EXERCISE DESCRIPTION: Any picture must be dropped, but each line of the data should be duplicated exactly.
#### MATERIALS PROVIDED
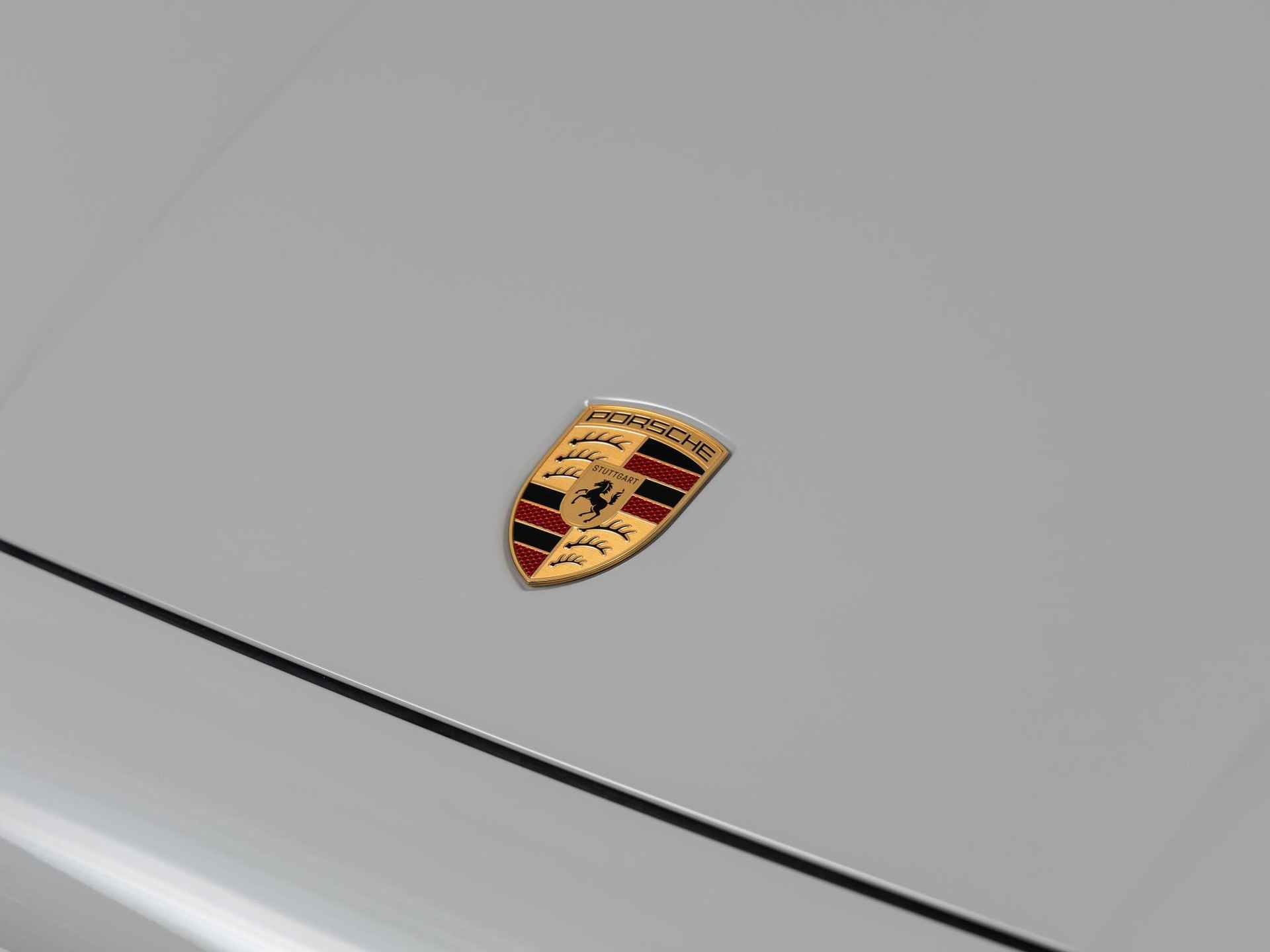 - Porsche Crest in reliëf op armsteun middenconsole (6E2)
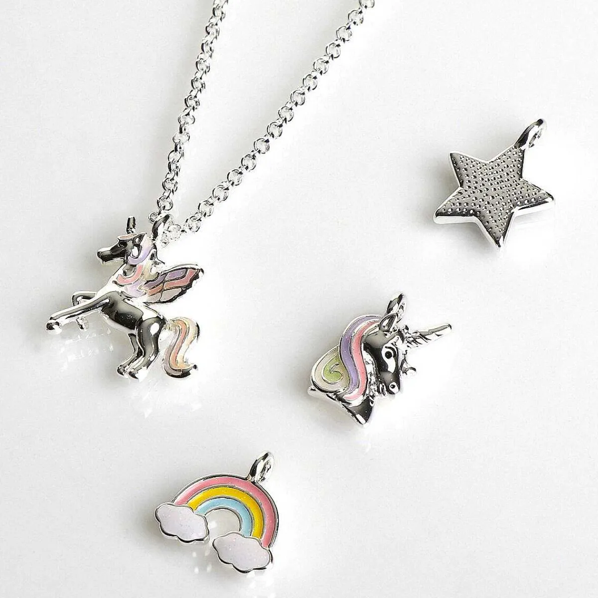A Gorgeous Selection Of Pendants Which Are Beautifully Designed Such As A Colourful Rainbow Complete With Clouds, A Glittering Star Which Shimmers In The Light And Two Magical Unicorns Complete With Silver Unicorn Horns. The Pendant Hangs From A Silver Chain Which Is Approximately 45Cm In Length Which Fastens With A Clip And Loop Mechanism. There Is Also A 5Cm Extension Chain Which Allows You To Adjust The Length To Your Liking.
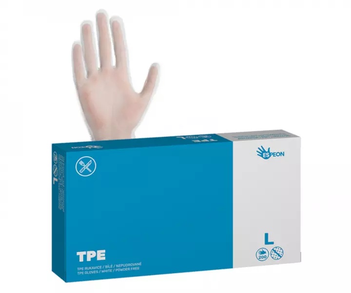Ochranné TPE rukavice Espeon TPE AllFood představují vysoce kvalitní ochranné pomůcky pro širokou škálu profesionálních i domácích použití. Toto balení obsahuje 200 kusů nepudrovaných bílých rukavic, které jsou navrženy tak, aby poskytovaly maximální komfort a ochranu. Jsou vyrobeny z elastomerové a polyetylenové pryskyřice, neobsahují latex ani pudr a díky tomu nezpůsobují alergické reakce. TPE rukavice mají skvělou odolnost proti tekutinám. Disponují vysokou pružností, umožňují natažení až na 5 násobek své původní délky. Rukavice se díky volnému střihu snadno a rychle nasazují, dobře se přizpůsobují ruce a mají zdrsněný povrch celé rukavice pro lepší úchop a dlouhodobé pohodlí při nošení. Rukavice jsou vhodné k použití v potravinářství, salonech krásy, zdravotnictví, k úklidu i pro jemnou práci. Rukavice nejsou vhodné pro kontakt s velmi horkými předměty a nezajišťují ochranu proti chemickým rizikům.
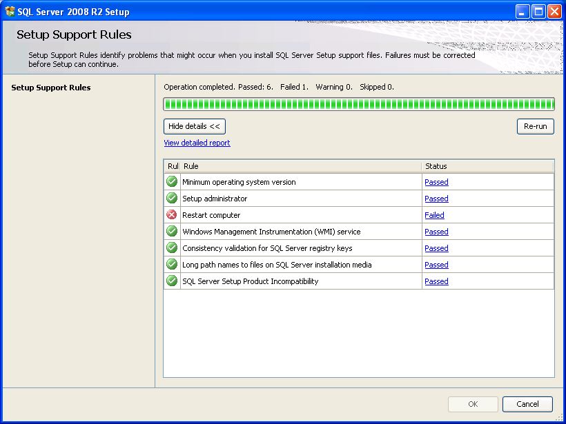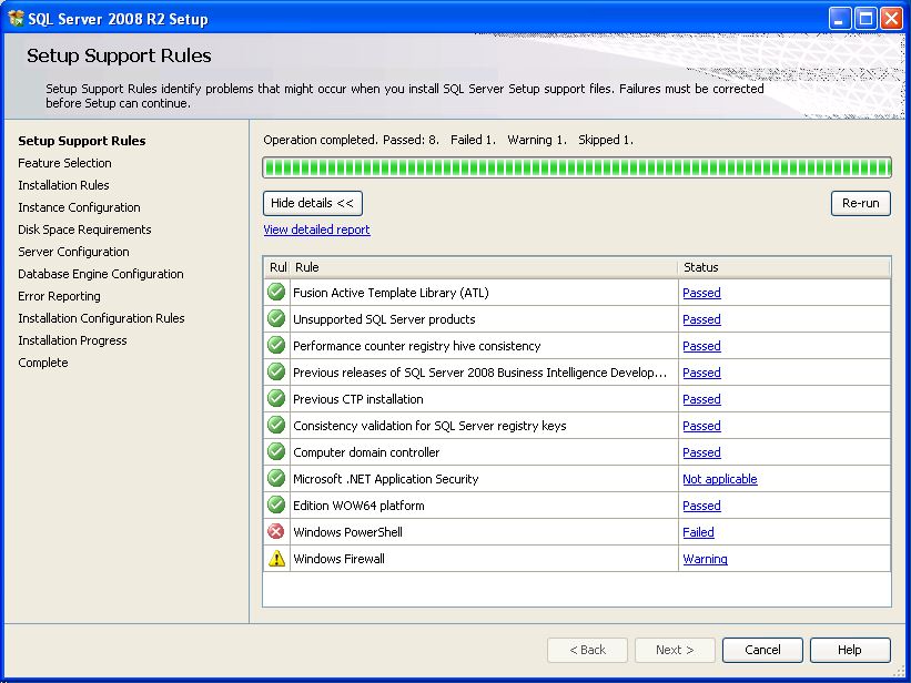 - Ak žiadne požadované pravidlo nie je v stave Failed, je možné pokračovať v inštalácii kliknutím na tlačidlo Next >.
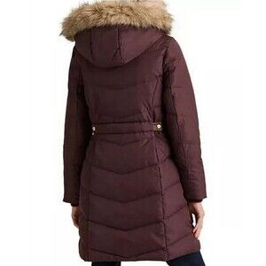 The Ralph Lauren women's Faux-Fur-Trim Hooded Down Puffer Coat in Burgundy is a stylish and warm outerwear option for women in size 3X.
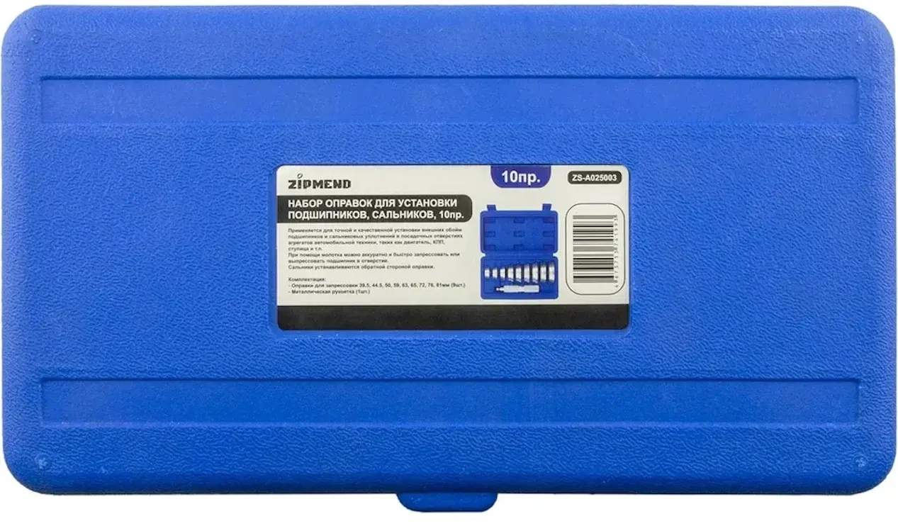 - Специнструмент ZS-A025003 ZIPMEND применяется для точной и качественной установки внешних обойм подшипников и сальниковых уплотнений в посадочных отверстиях агрегатов автомобильной техники, таких как двигатель, КПП, ступица и т.п.
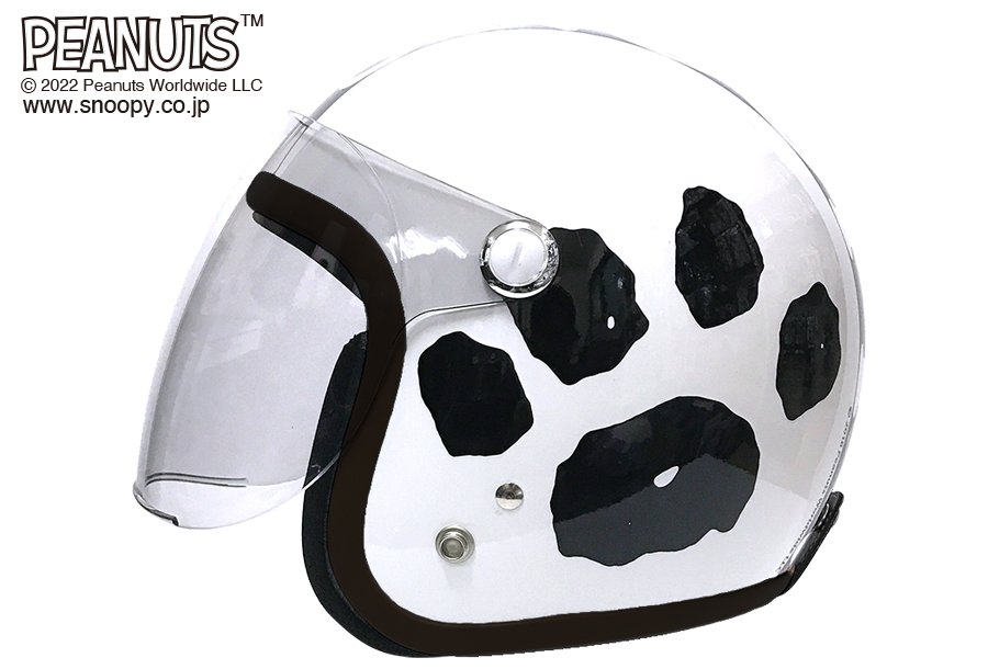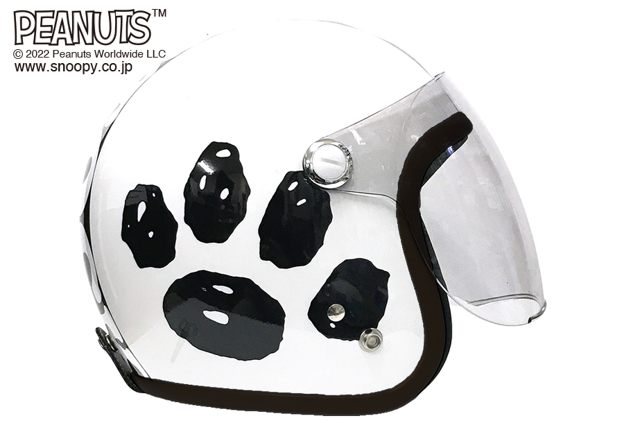 ●雨、風、ほこり、日光から顔を守るライトスモークカラーシールド付! ●スヌーピーの足跡をメインにあしらったシンメトリーデザイン ●顎紐はラチェット式 ●ワンタッチであごひもが脱着できるプラバックル採用 ●スヌーピーデザインのシールド保護フィルム付き
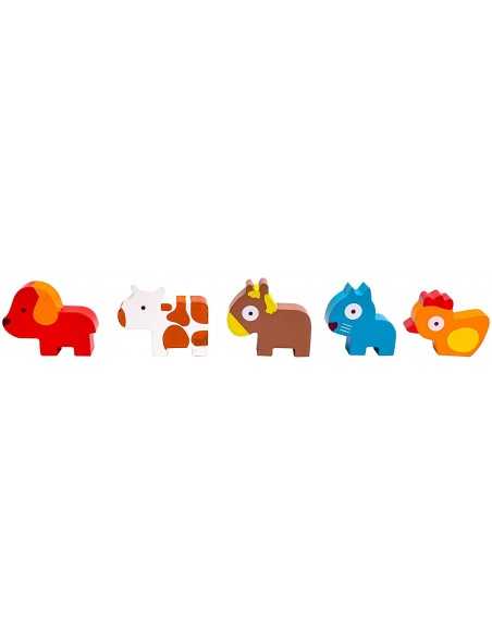 ¡Esta granja de madera si que es adorable! Contiene piezas grandes y manejables para manos pequeñas. Desarrolla la habilidad manual y la imaginación de tus pequeños mientras juega con los animalitos de madera de esta amigable granja.
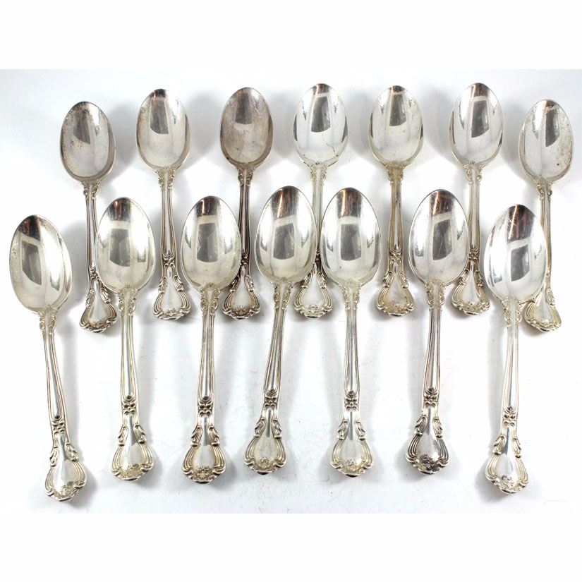 Group lot of 14x Birks Chantilly Design Sterling Silver Dinner Spoon Set. Weighs 706 grams
########
RESPONSE TO THIS EXERCISE:
 - Porsche Crest in reliëf op armsteun middenconsole (6E2)
A Gorgeous Selection Of Pendants Which Are Beautifully Designed Such As A Colourful Rainbow Complete With Clouds, A Glittering Star Which Shimmers In The Light And Two Magical Unicorns Complete With Silver Unicorn Horns. The Pendant Hangs From A Silver Chain Which Is Approximately 45Cm In Length Which Fastens With A Clip And Loop Mechanism. There Is Also A 5Cm Extension Chain Which Allows You To Adjust The Length To Your Liking.
Ochranné TPE rukavice Espeon TPE AllFood představují vysoce kvalitní ochranné pomůcky pro širokou škálu profesionálních i domácích použití. Toto balení obsahuje 200 kusů nepudrovaných bílých rukavic, které jsou navrženy tak, aby poskytovaly maximální komfort a ochranu. Jsou vyrobeny z elastomerové a polyetylenové pryskyřice, neobsahují latex ani pudr a díky tomu nezpůsobují alergické reakce. TPE rukavice mají skvělou odolnost proti tekutinám. Disponují vysokou pružností, umožňují natažení až na 5 násobek své původní délky. Rukavice se díky volnému střihu snadno a rychle nasazují, dobře se přizpůsobují ruce a mají zdrsněný povrch celé rukavice pro lepší úchop a dlouhodobé pohodlí při nošení. Rukavice jsou vhodné k použití v potravinářství, salonech krásy, zdravotnictví, k úklidu i pro jemnou práci. Rukavice nejsou vhodné pro kontakt s velmi horkými předměty a nezajišťují ochranu proti chemickým rizikům.
 - Ak žiadne požadované pravidlo nie je v stave Failed, je možné pokračovať v inštalácii kliknutím na tlačidlo Next >.
 The Ralph Lauren women's Faux-Fur-Trim Hooded Down Puffer Coat in Burgundy is a stylish and warm outerwear option for women in size 3X.
 - Специнструмент ZS-A025003 ZIPMEND применяется для точной и качественной установки внешних обойм подшипников и сальниковых уплотнений в посадочных отверстиях агрегатов автомобильной техники, таких как двигатель, КПП, ступица и т.п.
 ●雨、風、ほこり、日光から顔を守るライトスモークカラーシールド付! ●スヌーピーの足跡をメインにあしらったシンメトリーデザイン ●顎紐はラチェット式 ●ワンタッチであごひもが脱着できるプラバックル採用 ●スヌーピーデザインのシールド保護フィルム付き
 ¡Esta granja de madera si que es adorable! Contiene piezas grandes y manejables para manos pequeñas. Desarrolla la habilidad manual y la imaginación de tus pequeños mientras juega con los animalitos de madera de esta amigable granja.
 Group lot of 14x Birks Chantilly Design Sterling Silver Dinner Spoon Set. Weighs 706 grams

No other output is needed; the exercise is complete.